-- WHAT TO WORK ON --
When copying the data below, keep only the lines from the one with "profundicemos el networking." through the one with "Create a function", word for word, and skip the pictures.

-- THE INPUT --
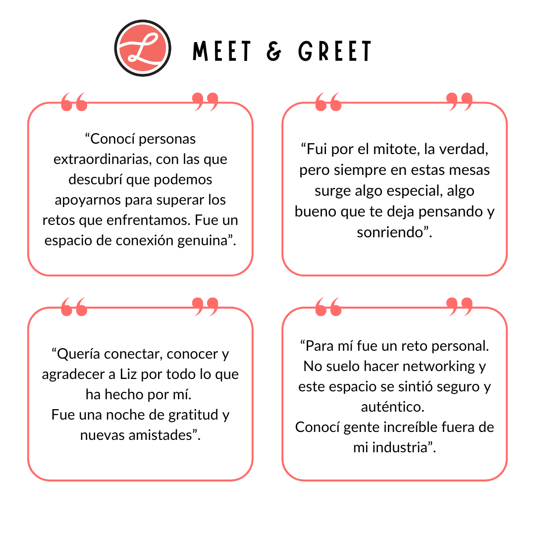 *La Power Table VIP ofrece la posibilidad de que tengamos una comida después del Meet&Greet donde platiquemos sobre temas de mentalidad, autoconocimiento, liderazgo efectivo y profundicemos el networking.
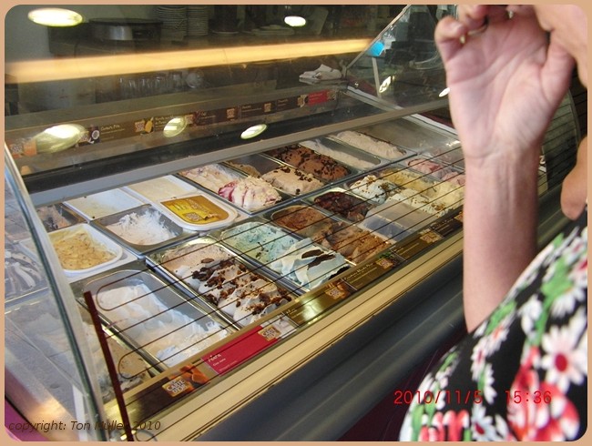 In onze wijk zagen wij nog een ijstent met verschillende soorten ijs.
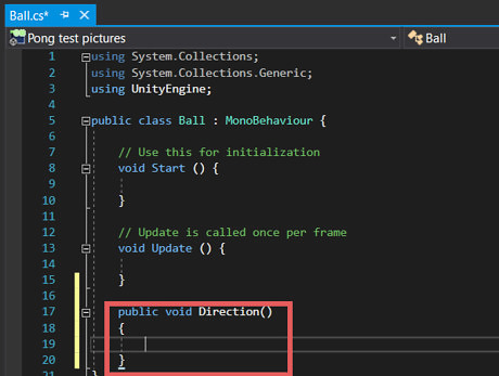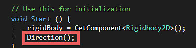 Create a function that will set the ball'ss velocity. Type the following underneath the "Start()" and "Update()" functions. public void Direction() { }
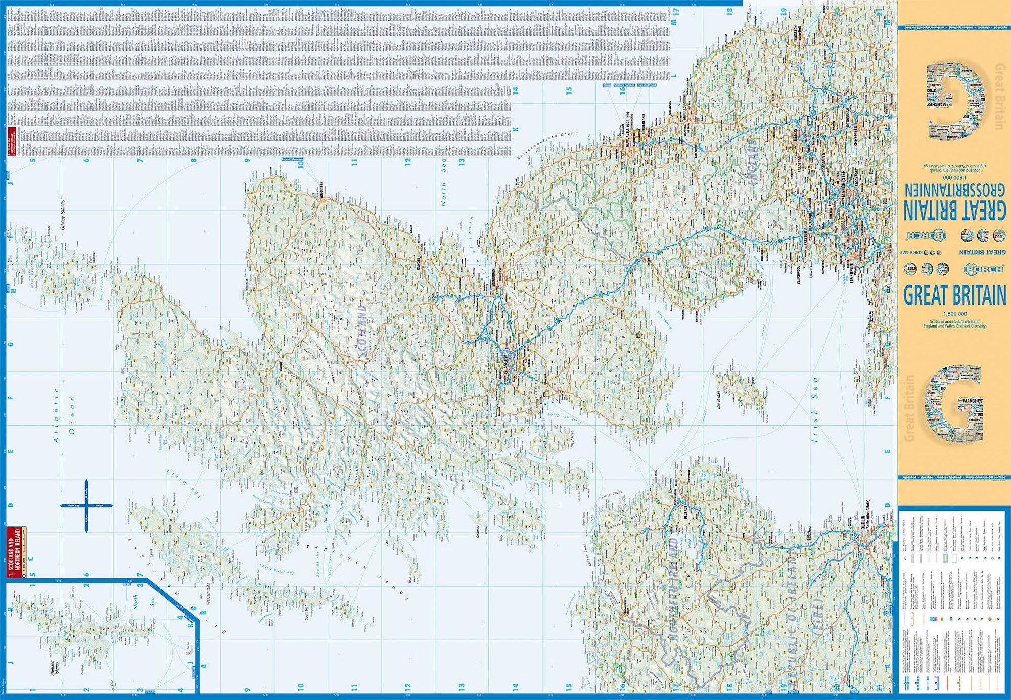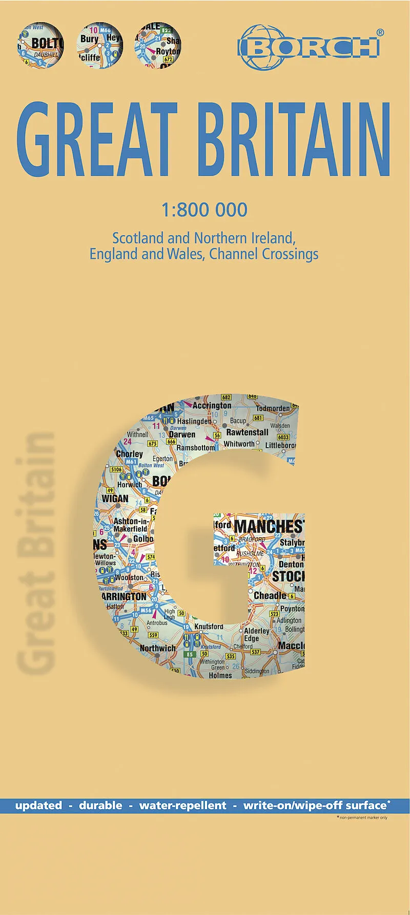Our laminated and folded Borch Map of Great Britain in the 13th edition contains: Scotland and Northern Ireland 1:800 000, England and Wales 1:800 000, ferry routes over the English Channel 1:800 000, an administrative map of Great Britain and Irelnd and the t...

---

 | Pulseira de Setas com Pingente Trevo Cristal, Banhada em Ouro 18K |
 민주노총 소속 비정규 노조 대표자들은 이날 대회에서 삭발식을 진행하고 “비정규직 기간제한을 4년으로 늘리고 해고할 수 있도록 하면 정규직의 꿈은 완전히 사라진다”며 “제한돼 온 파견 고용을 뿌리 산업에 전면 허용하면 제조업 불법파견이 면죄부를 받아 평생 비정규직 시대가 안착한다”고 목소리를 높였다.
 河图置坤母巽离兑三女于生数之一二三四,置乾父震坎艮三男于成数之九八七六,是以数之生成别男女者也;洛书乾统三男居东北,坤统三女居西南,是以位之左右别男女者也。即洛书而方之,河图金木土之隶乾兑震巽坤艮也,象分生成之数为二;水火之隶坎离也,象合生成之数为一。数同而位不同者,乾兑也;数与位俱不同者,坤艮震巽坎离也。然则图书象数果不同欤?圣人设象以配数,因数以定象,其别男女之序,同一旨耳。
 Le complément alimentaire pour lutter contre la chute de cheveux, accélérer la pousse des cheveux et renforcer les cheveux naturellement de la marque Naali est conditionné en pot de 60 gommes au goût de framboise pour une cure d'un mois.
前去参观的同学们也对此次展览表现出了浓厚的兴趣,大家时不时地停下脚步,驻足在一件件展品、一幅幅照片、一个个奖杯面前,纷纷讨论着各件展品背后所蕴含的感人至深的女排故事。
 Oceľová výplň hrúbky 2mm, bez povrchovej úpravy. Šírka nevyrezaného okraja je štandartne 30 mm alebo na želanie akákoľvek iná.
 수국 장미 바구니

-- OUTPUT --
 *La Power Table VIP ofrece la posibilidad de que tengamos una comida después del Meet&Greet donde platiquemos sobre temas de mentalidad, autoconocimiento, liderazgo efectivo y profundicemos el networking.
 In onze wijk zagen wij nog een ijstent met verschillende soorten ijs.
 Create a function that will set the ball'ss velocity. Type the following underneath the "Start()" and "Update()" functions. public void Direction() { }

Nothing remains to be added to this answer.